### TASK DESCRIPTION
Could you repeat the whole listing below exactly, omitting any picture it holds?

[GIVEN MATERIAL]

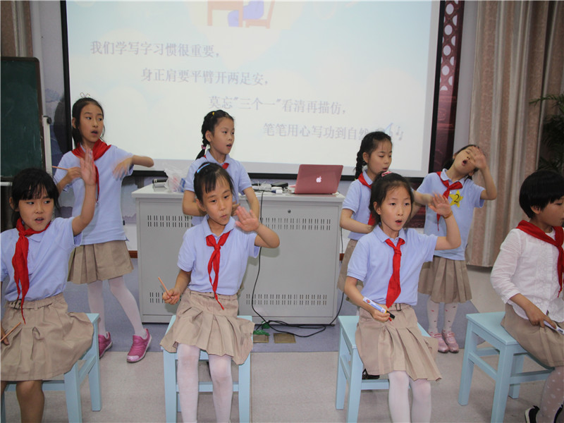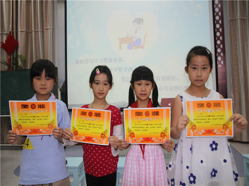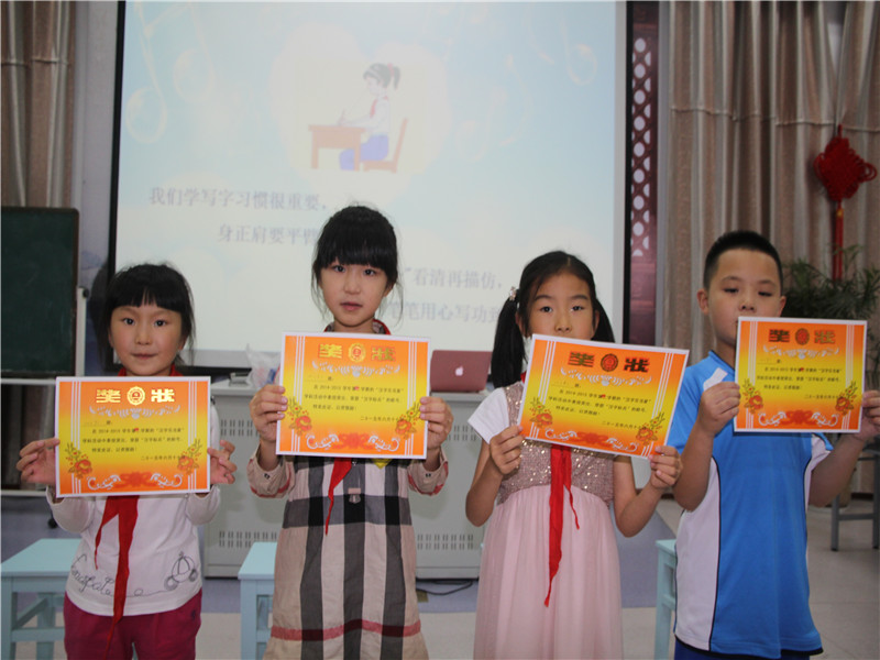 精彩的比赛环节落下了帷幕,评委们开始了最后的计分,一群阳光可爱的小龙娃迈着整齐的步伐上场,给所有一年级的小伙伴们献上了写字歌,一字一句蕴藏着写字的奥秘。孩子们声情并茂的表演让老师们会心一笑,让同伴们鼓掌叫好!与此同时,评委们也完成了计分,在孩子们的欢呼声中每班的代表上台从评委手中领取了属于自己班级的汉字标兵和汉字能手奖状。
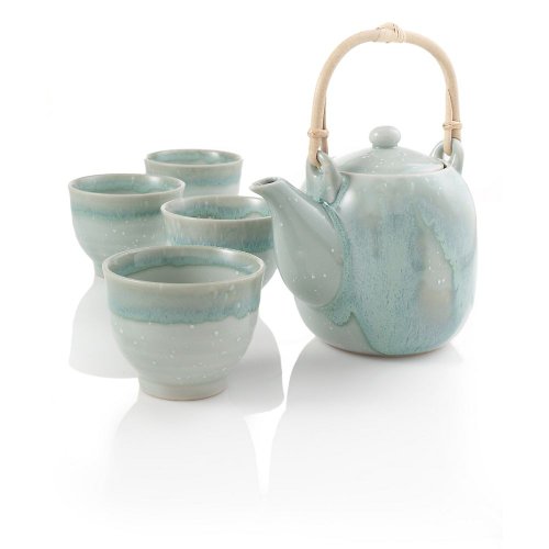 By combining antique teapot shapes and traditional kilns with modern glazing techniques artisans add life to ancient traditions This unique teapot is hand-glazed which causes variation and makes every teapot an original unique artistic piece 5-piece stoneware tea set antique modern cross-over
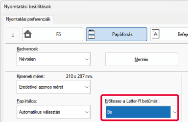 ") a papír mérete és tájolása függvényében
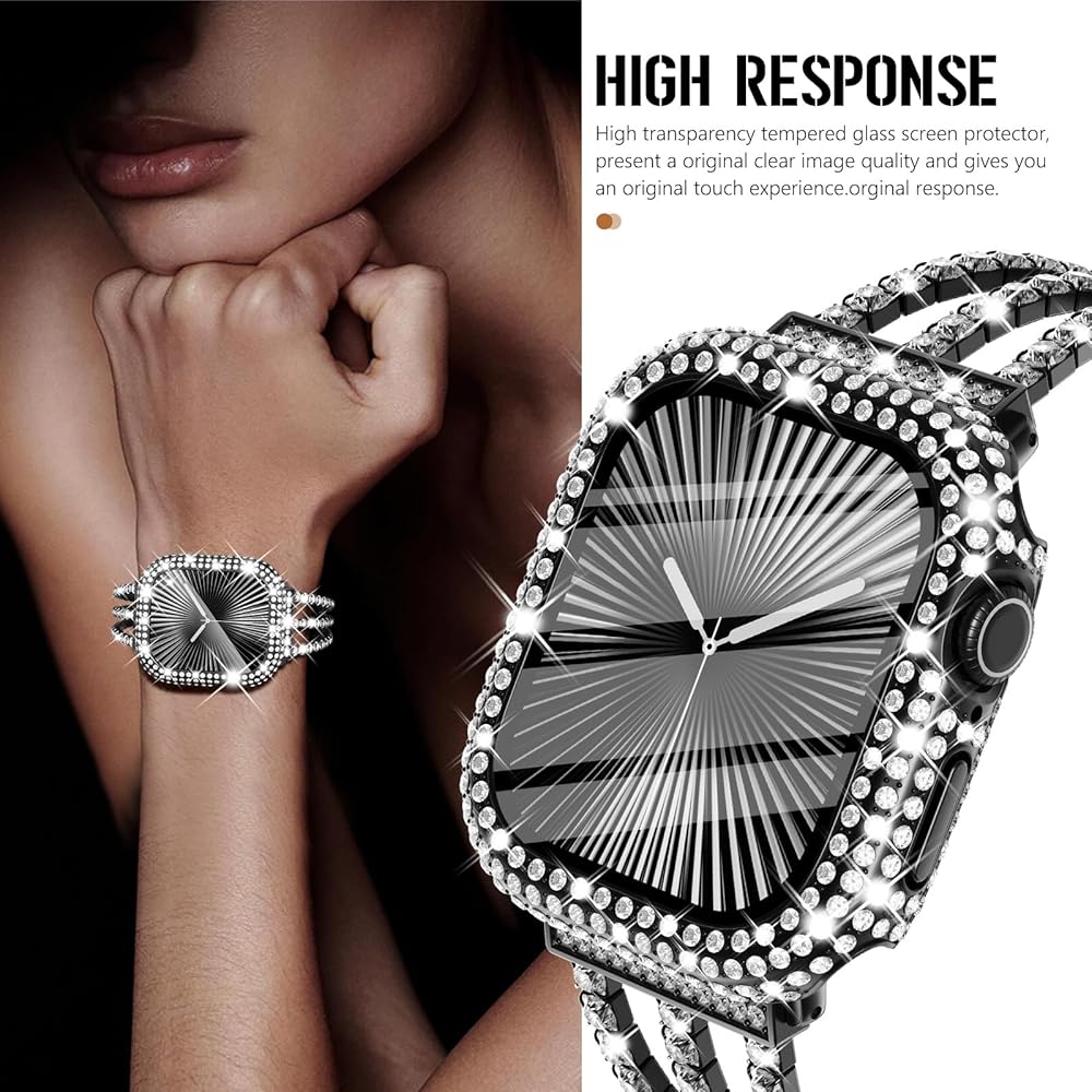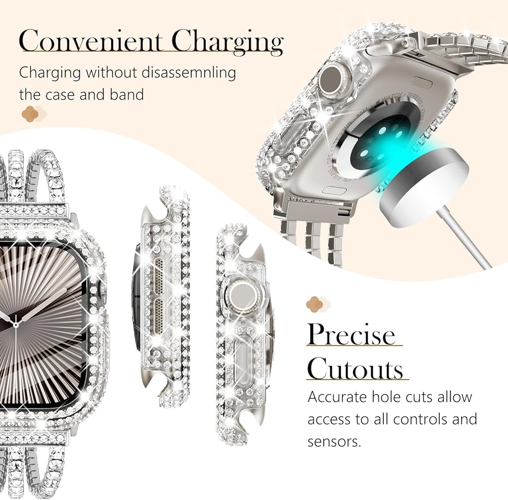 يتألق إلى أقصى حد كل يوم مع أكثر من 200 بلورة شفافة، مجموعة ممتص الصدمات لساعة Apple هذه مع 5 صفوف من أحجار الزركونيا المكعبة اللامعة، دع المزيد من التألق في تصميم خزانة ملابسك، تصميم يستحق أن يسرق الأضواء في جميع الأوقات.

[/GIVEN MATERIAL]

### SOLUTION TO THIS TASK
 精彩的比赛环节落下了帷幕,评委们开始了最后的计分,一群阳光可爱的小龙娃迈着整齐的步伐上场,给所有一年级的小伙伴们献上了写字歌,一字一句蕴藏着写字的奥秘。孩子们声情并茂的表演让老师们会心一笑,让同伴们鼓掌叫好!与此同时,评委们也完成了计分,在孩子们的欢呼声中每班的代表上台从评委手中领取了属于自己班级的汉字标兵和汉字能手奖状。
 By combining antique teapot shapes and traditional kilns with modern glazing techniques artisans add life to ancient traditions This unique teapot is hand-glazed which causes variation and makes every teapot an original unique artistic piece 5-piece stoneware tea set antique modern cross-over
 ") a papír mérete és tájolása függvényében
 يتألق إلى أقصى حد كل يوم مع أكثر من 200 بلورة شفافة، مجموعة ممتص الصدمات لساعة Apple هذه مع 5 صفوف من أحجار الزركونيا المكعبة اللامعة، دع المزيد من التألق في تصميم خزانة ملابسك، تصميم يستحق أن يسرق الأضواء في جميع الأوقات.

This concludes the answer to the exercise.